How much money should you have saved by age 40? | Ally (2024)

RETIREMENT

  • 8 min read

What we'll cover

  • Average retirement savings by 40

  • Goals and savings categories you should have

  • Tips for increasing retirement savings

Once you hit a certain age, you may start thinking about having enough savings for retirement. You may think more about it when you hit milestone decades, such as when you turn 40.

For many, this decade is marked by growing families (and the accompanying college funds) and a mortgage. Don't forget the regular bills that arrive every month like clockwork.

Even if you get promotions and pay increases at work to help offset living expenses, you’ve still got a retirement plan to tend to. These savings priorities tug at your wallet from all directions.

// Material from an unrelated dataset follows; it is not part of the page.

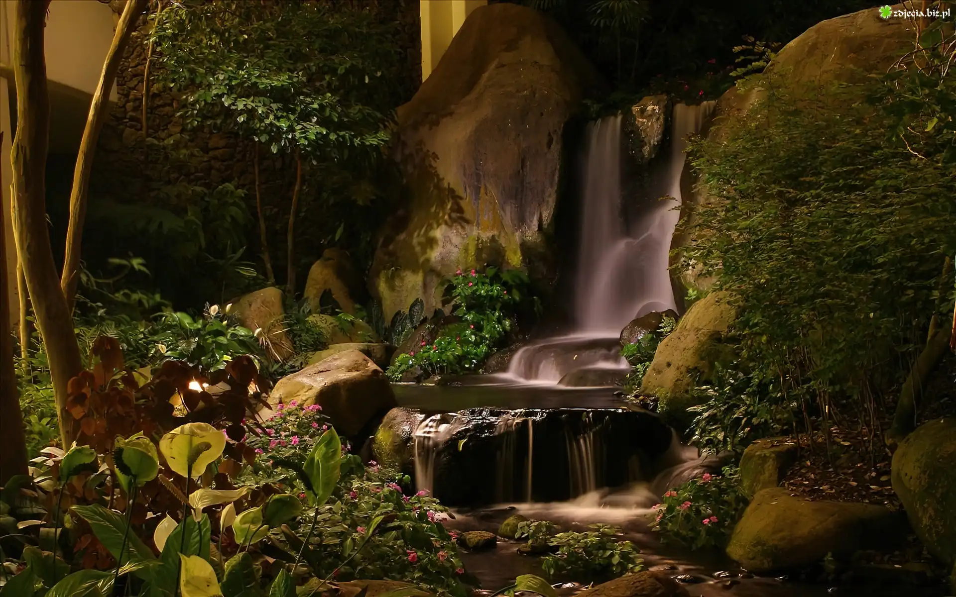Zdjęcie, Skalniak, Rośliny, Kwiatuszki, Kamienie, Wodospad
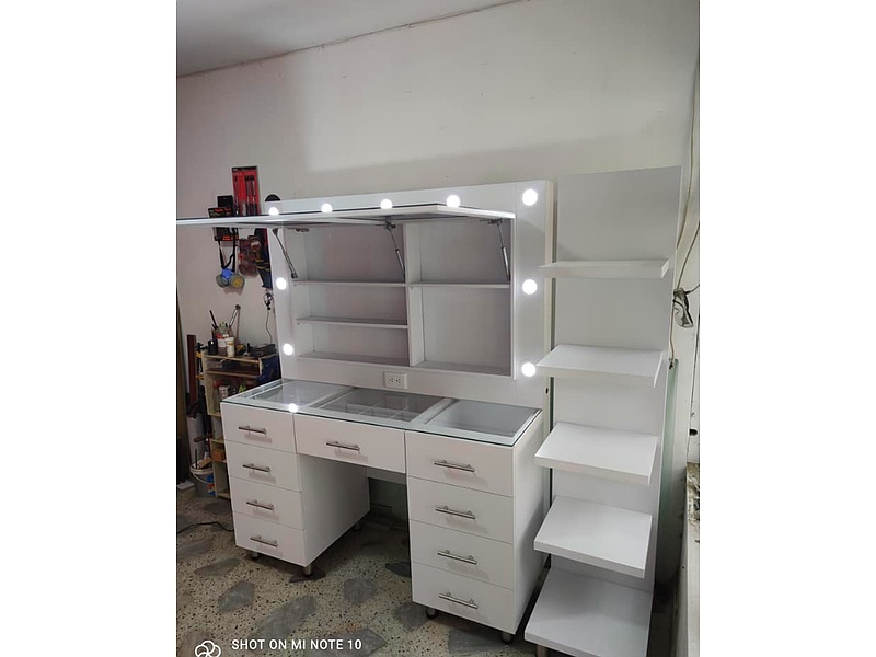 Tocador de color blanco con cajones laterales y repisas laterales.

You're not alone if you’ve wondered, “Am I saving enough?” or “How much retirement savings by 40 should I have socked away?”

While everyone’s life is different (your specific savings situation is personal to your financial circ*mstances, lifestyle and future goals), being aware of benchmarks and ranges can help you know if you’re on the right track — and whether you need to turbo-charge your savings.

With that in mind, here’s a guide to help take some of the guesswork out of where you should be financially in your forties. We'll look at the amount you should have saved by age 40, including the average retirement savings as well as savings expense categories. We'll also look at some tips to help you increase your retirement savings.

Average retirement savings by age 40

Check out the average retirement savings by age, according to research by the Federal Reserve in 2019 to 2020:

  • Age 25 to 29: $9,408.51

  • Ages 30 to 34: $21,731.92

  • Ages 35 to 39: $48,710.27

  • Ages 40 to 44: $101,899.22

  • Ages 45 to 49: $148,950.14

  • Ages 50 to 54: $146,068.38

  • Ages 55 to 59: $223,493.56

  • Ages 60 to 64: $221,451.67

As you can see, the average savings by 40 is higher than $48,000 but likely lower than $148,000. However, it's worth noting that just because that's the average, that amount may not be what you might want to consider having saved. Keep reading for more information.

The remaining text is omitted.